Наваждение настолько опустошило Огюста, что весь следующий день он провалялся в постели. Прожорливой саранчой вокруг него роились неясные смутные образы, но сколько он ни старался, так и не понял ни что они означают, ни откуда взялись. Изнемогая от бесплодной борьбы с призраками, он бежал от них на улицу, надеясь затеряться в людской толпе. Смеркалось. Он не сразу вспомнил, как и почему оказался в этом городе. Да и в каком в «этом»?
На окраине он набрел на труппу бродячих акробатов, из тех, что кочуют из города в город, коротая ночи под открытым небом. Отчаянно заколотилось сердце. Рванувшись к ближайшему из фургонов, стоявших в подобии круга, Огюст нерешительно занес ногу над невысокой ступенькой. Вдруг послышалось негромкое ржание, и в затылок ему ткнулась теплая лошадиная морда. Клоуна охватило то самое, давно забытое ощущение счастья. Охнув, он обхватил животное за шею, словно встретил старого друга, которого уже не чаял увидеть.
Дверь отворилась. Раздался приглушенный женский возглас. От неожиданности Огюст отпрянул от деревянной лесенки:
– Не бойтесь, это всего лишь я, Огюст.
– Огюст? Не знаю никакого Огюста.
– Простите великодушно, – пробормотал он извиняющимся тоном. – Я сейчас уйду.
Он попятился, но неожиданный оклик заставил его застыть на месте.
– Куда же ты? Огюст, вернись!
Он медленно повернулся, губы задрожали в робкой улыбке. Женщина птицей метнулась ему навстречу. Огюст в панике хотел убежать, но не успел. Теплые руки обвились вокруг шеи.
– Это ты? Неужели это ты? Подумать только, а я и не признала тебя!

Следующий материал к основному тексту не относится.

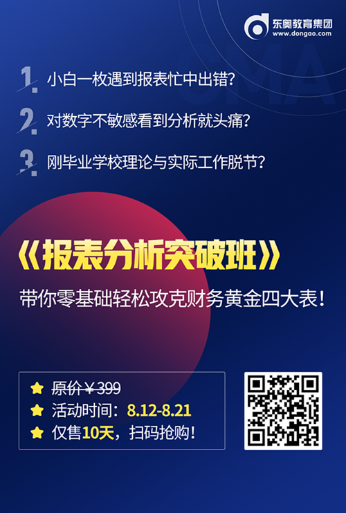 還在因?yàn)槟闶锹殘?chǎng)小白不懂報(bào)表而害怕嗎?還在因?yàn)槟銓?duì)數(shù)字不敏感而感到頭疼嗎?還在因?yàn)槟闶莿偖厴I(yè)的大學(xué)生而擔(dān)心與社會(huì)脫節(jié)嗎?針對(duì)以上考生們迫切想改變的事情,東奧CMA特別推出了《報(bào)表分析突破班》課程,由名師助力,為您排憂解難,帶你零基礎(chǔ)輕松攻克財(cái)務(wù)黃金四大報(bào)表!
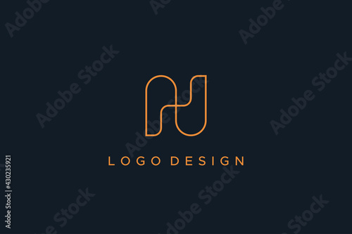 Abstract Initial Letter N Logo. Gold Geometric Line Infinity Style isolated on Blue Background. Usable for Business and Branding Logos. Flat Vector Logo Design Template Element.
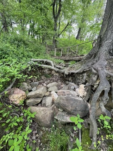 Hardscape elements that support land use (paths, seating, simple patios, natural stone features)
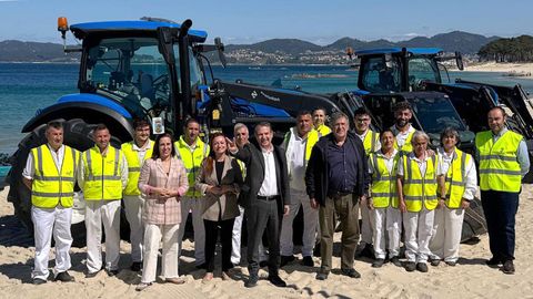 En total, trabajarán 14 personas, 12 en turno de mañana y 2 en turno de tarde, distribuidas en seis equipos que actuarán por zonas. El servicio cuenta con un despliegue técnico que incluye dos grandes tractores equipados con limpiaplayas mecánicas para los arenales más extensos —Samil, O Vao y Canido—, así como tractores de menor tamaño para playas medianas como A Fonte y Fontaíña.
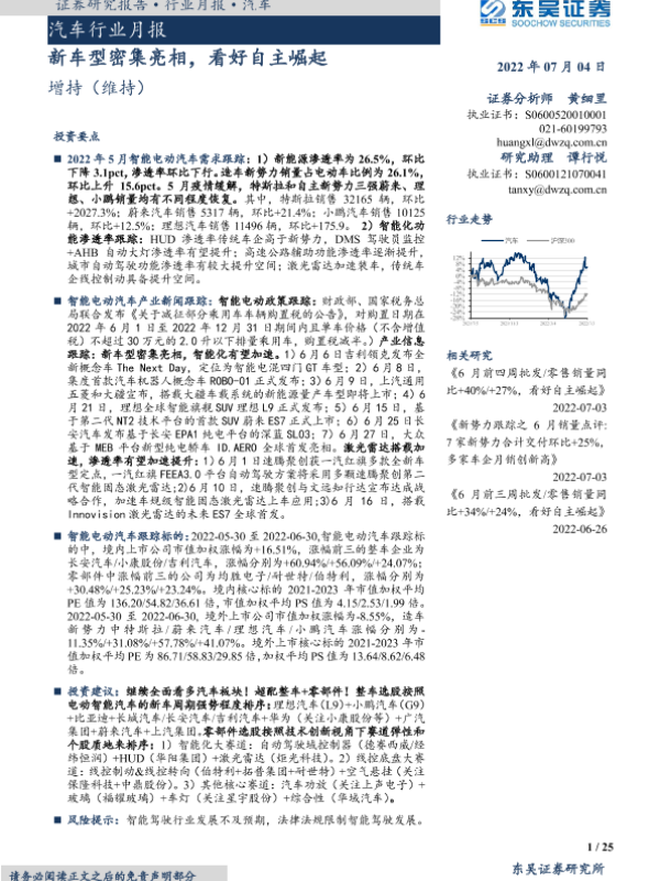 【东吴证券】【20220704】汽车行业月报:新车型密集亮相,看好自主崛起-25页
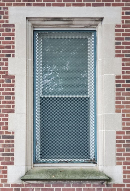 The sandstone window sill shown in the pictures below is an example of the intentional slope of a sill, intended to migrate rain water away from the window. The window sill protrudes 2.25″ away from the brick facade above and below. This projection also keeps water from running in concentration down the face of the brick wall.
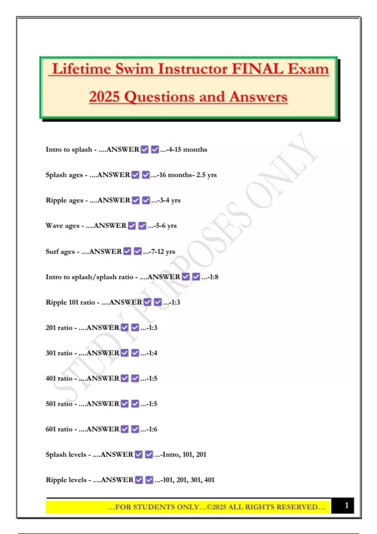 Lifetime Swim Instructor FINAL Exam 2025 Questions and Answers
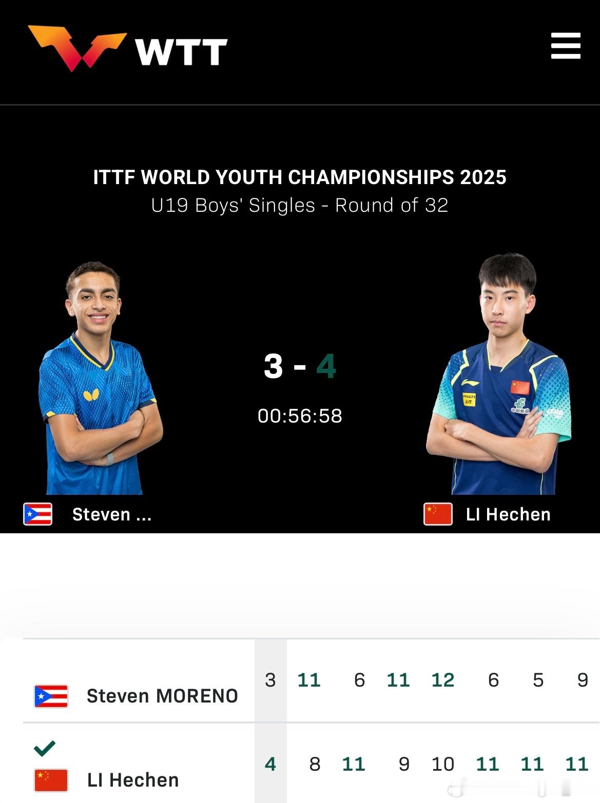 2025年国际乒联世青赛 U19男单1/16决赛🇨🇳李和宸4比3史蒂文·莫雷诺🇵🇷(8-11,11-6,9-11,10-12,11-6,11-5,11-9)下一轮🆚金佳温🇰🇷
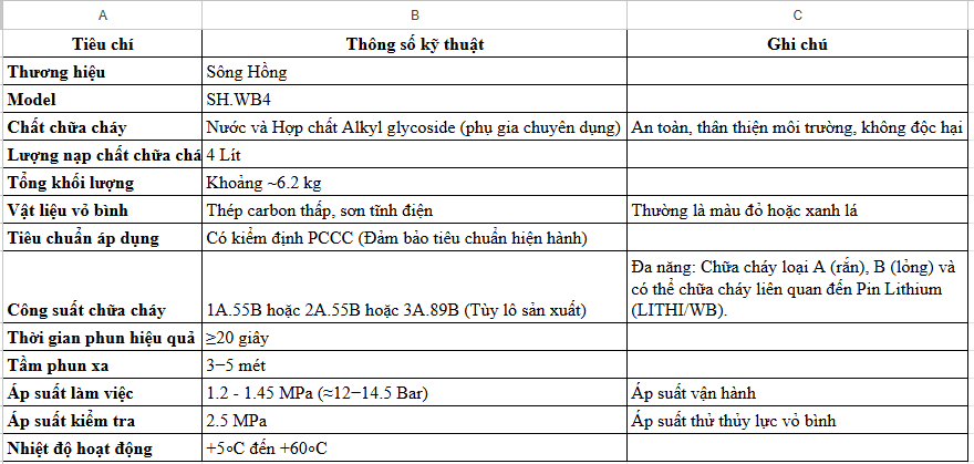 Thông Số Kỹ Thuật Của Bình Cứu Hỏa Đa Năng Gốc Nước 4 Lít Sông Hồng SH.WB4
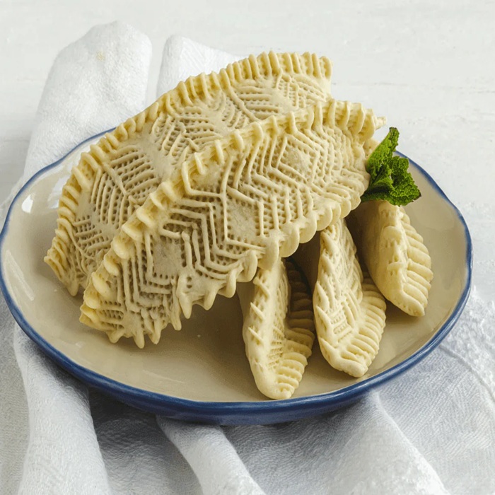 Bake in the preheated oven until gazelle horns are lightly golden and baked through, about 20 minutes. They should not get too dark. Let cool slightly, about 3 minutes.
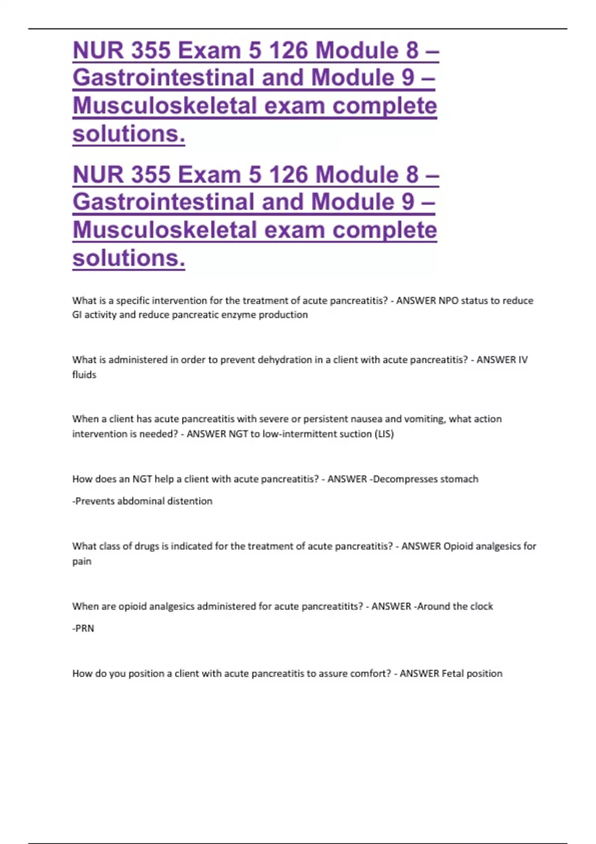 How do you position a client with acute pancreatitis to assure comfort? - ANSWER Fetal position

Огюст не поверил своим ушам. С тех пор как он оставил цирк, его впервые кто-то узнал. Женщина покрывала его лицо торопливыми поцелуями.
– Простите, нельзя ли попросить у вас немного сахара? – Он осторожно высвободился из ее объятий.
– Сахара?!
– Да, для лошади.
Женщина скрылась за порогом. Огюст в растерянности топтался на шатких ступеньках. Лошадь доверчиво тыкалась в него мягкими губами… Из-за деревьев, неровно подрагивая, выползла луна. На него снизошел удивительный покой, он впал в какое-то странное полузабытье.
Хозяйка кибитки спрыгнула на землю, задев широким подолом юбки его плечо.
– Мы думали, ты умер, – сказала она, садясь на траву возле его ног. – Конечно, сначала мы искали тебя, – спохватившись, добавила она, протягивая сахар, – а потом…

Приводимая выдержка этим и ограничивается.